Of Noise and Entropy

Because we’re designing an analog circuit we need to minimize our analog noise which our microcontroller will read! Following standard analog design here wise. So make sure your sensors are shielded and your 5V clean. Keep wires short as possible. Another option is to use RC time constant to filter out noise but that could introduce delay. Design a PCB and use bypass capacitors – use a function generator and oscilloscope to verify clean switching in your DAC.

Disclaimer: Actually, I didn’t do any of those things and my pad works great.

Microcontroller

Arduino is cheap and easy to program. The Arduino Uno (ATmega328 chip) is not powerful enough to support USB profiling by it’s own so you need to reprogram the side ATmega16u2 chip to use the secondary chip as a USB host. Unfortunately, the latency is quite high for input (~50ms) and debugging a chore.
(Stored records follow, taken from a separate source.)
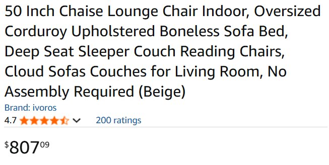 Corduroy Upholstered Boneless Sofa Bed Chaise Lounge Chair - Beige
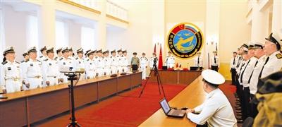 中俄双方在俄太平洋海军学院举行实兵演习开始仪式。
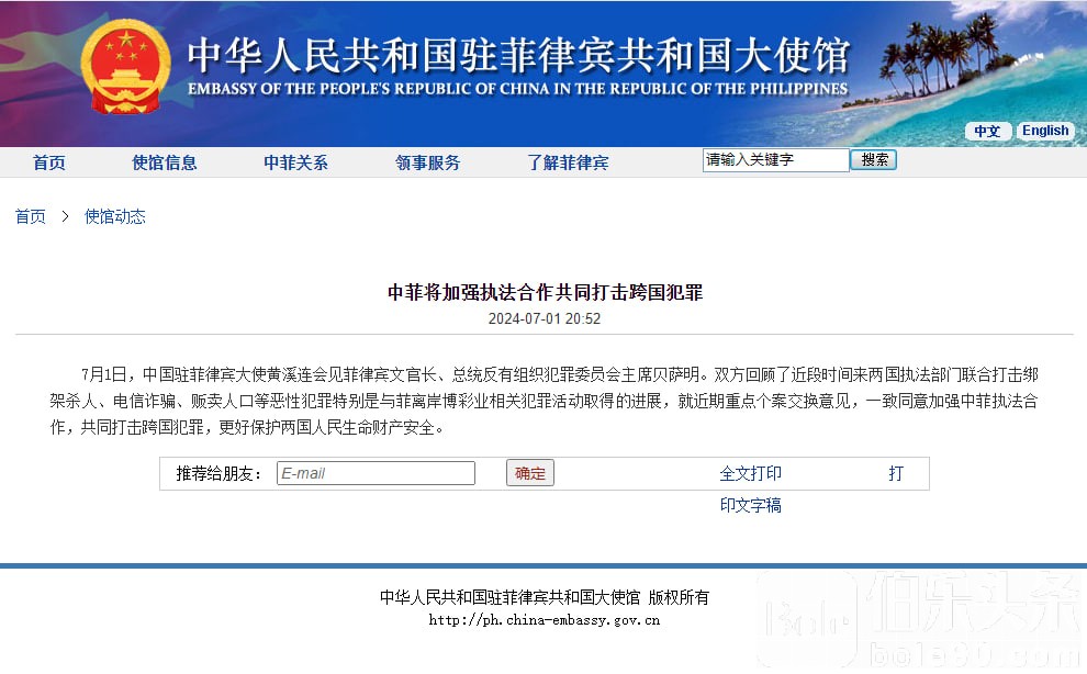 中国大使馆:中菲将加强执法合作共同打击跨国犯罪

To switch between a keyboard and programmer function, you need to short a jumper pin and reconnect the USB every time. A more powerful Arduino Leonardo or even the Pro Micro or Pico is recommended.
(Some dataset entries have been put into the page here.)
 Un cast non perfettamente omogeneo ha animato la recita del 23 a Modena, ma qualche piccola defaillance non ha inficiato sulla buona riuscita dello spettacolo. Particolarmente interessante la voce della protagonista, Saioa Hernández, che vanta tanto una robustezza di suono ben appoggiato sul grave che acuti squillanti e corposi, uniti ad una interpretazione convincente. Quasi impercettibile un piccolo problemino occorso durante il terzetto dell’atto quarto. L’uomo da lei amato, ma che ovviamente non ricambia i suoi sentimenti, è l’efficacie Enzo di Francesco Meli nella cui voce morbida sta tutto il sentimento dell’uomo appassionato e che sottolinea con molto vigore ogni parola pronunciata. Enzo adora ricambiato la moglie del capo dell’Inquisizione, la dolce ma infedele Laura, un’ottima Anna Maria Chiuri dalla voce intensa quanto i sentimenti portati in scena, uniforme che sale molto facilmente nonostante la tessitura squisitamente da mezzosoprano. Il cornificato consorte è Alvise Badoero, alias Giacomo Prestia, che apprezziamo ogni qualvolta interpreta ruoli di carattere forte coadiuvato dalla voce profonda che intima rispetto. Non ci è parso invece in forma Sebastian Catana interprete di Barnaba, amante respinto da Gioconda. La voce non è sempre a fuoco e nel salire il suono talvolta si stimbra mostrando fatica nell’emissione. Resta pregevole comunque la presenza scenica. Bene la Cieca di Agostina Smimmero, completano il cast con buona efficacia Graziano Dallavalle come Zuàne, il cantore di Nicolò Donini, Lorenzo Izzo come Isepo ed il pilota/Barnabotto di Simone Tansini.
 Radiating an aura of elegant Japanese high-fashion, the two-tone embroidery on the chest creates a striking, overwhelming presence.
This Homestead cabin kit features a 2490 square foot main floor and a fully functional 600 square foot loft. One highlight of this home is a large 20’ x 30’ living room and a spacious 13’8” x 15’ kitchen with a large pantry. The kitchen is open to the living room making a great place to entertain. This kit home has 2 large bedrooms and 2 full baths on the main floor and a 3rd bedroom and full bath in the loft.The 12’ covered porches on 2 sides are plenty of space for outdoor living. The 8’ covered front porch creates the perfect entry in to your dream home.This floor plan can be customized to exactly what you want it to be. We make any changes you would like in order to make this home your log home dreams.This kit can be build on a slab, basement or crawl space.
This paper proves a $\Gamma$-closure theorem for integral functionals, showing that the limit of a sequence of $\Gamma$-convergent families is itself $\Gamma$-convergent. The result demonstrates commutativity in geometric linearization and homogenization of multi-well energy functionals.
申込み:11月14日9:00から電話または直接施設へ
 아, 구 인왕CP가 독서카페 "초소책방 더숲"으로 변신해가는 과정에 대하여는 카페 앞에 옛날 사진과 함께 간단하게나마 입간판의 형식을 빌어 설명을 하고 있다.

It is wise to add LED indicators as debugging via the Serial console can prove annoying. Nothing like realtime visual feedback.

circuits

You see two arduinos here because one of them is just providing power. I think there shouldn’t be a need for this but USB limits to 100mA by default and my op amp may draw up to 50 mA of power. The arduino board itself also needs 50 mA so it’s a close call and I was definitely having stability issues where only a subset of the op-amps worked when everything was powered through my laptop. The use of arduino pro micro or nano will have lower power footprint than the uno.

Assembly

assembly

The panels were hand cut from a old projector TV. The plastic itself was only 1/32 “ at most so I supplemented it with ¾” of MDF. Alternatively, ¾" acrylic panels or ½" polycarbonate sheets and cut them on a bandsaw. It turns it it actually hurts to play bare foot.

Final Impressions

Not bad for a first prototype. The whole design needs a reworking but I can perform just as well if not better than on my old foam pads. Some points taken:

On that last point, I have here a heat map of my Right panel readings. A gallon of water was placed at 2 inch intervals on a panel. You can probably guess where the tip of the sensor is residing. It’s not perfect. The raw values are taken straight from the DAC in signed integer from -512 to 512. The pads are of course zeroed so no weight is registered as zero.

pad heat map

A rebuild is definitely in the planning as I’m hoping to create another pad for the purpose of playing doubles or versus!

Future Work

There is a lot to do! New Features I want to add:

  1. Lighting (externally powered LED’s)
  2. Thinner, flexible transparent panels with better mounting onto frame
  3. Proper PCB
  4. Just use the better arduino

Appendix

Links

  1. Github Source
  2. Wheatstone Bridge & Load Cells on Wikipedia
  3. Stepmania and user packs
  4. Technomotion Ghetto.io interface on github useful bits on ddr/piu here too!
  5. HackMyCab, a guide on modding and maintaining DDR machines


  1. one only needs note its limited availability on second-hand markets, its still high price point, its dead-heavy weight, its voluminous spacious body, its 1000W energy hogging power supply, and its additional maintenance costs to reconsider).If you ever try moving a single 100kg pump it up pad up and down a narrow staircase? It has no places to grip and really awkward.
  2. These simfiles are of course, shared pretty much without concern for “digital rights” /s
  3. The StepmaniaX development team has a long and complicated history with DDR when it released ITG in 2005. What’s notable about the SMX pads themselves is they feature an additional center arrow, but it’s modular design allows for quick swapping.
  4. So not quite. But for this project, you would want thick beams and welding. It will probably be more expensive. I also know next to nothing about metalworking.
  5. Arcade pads are commonly ‘tape-modded’ or penny-modded to achieve the same effect. It works well but can be prone to fluctuate.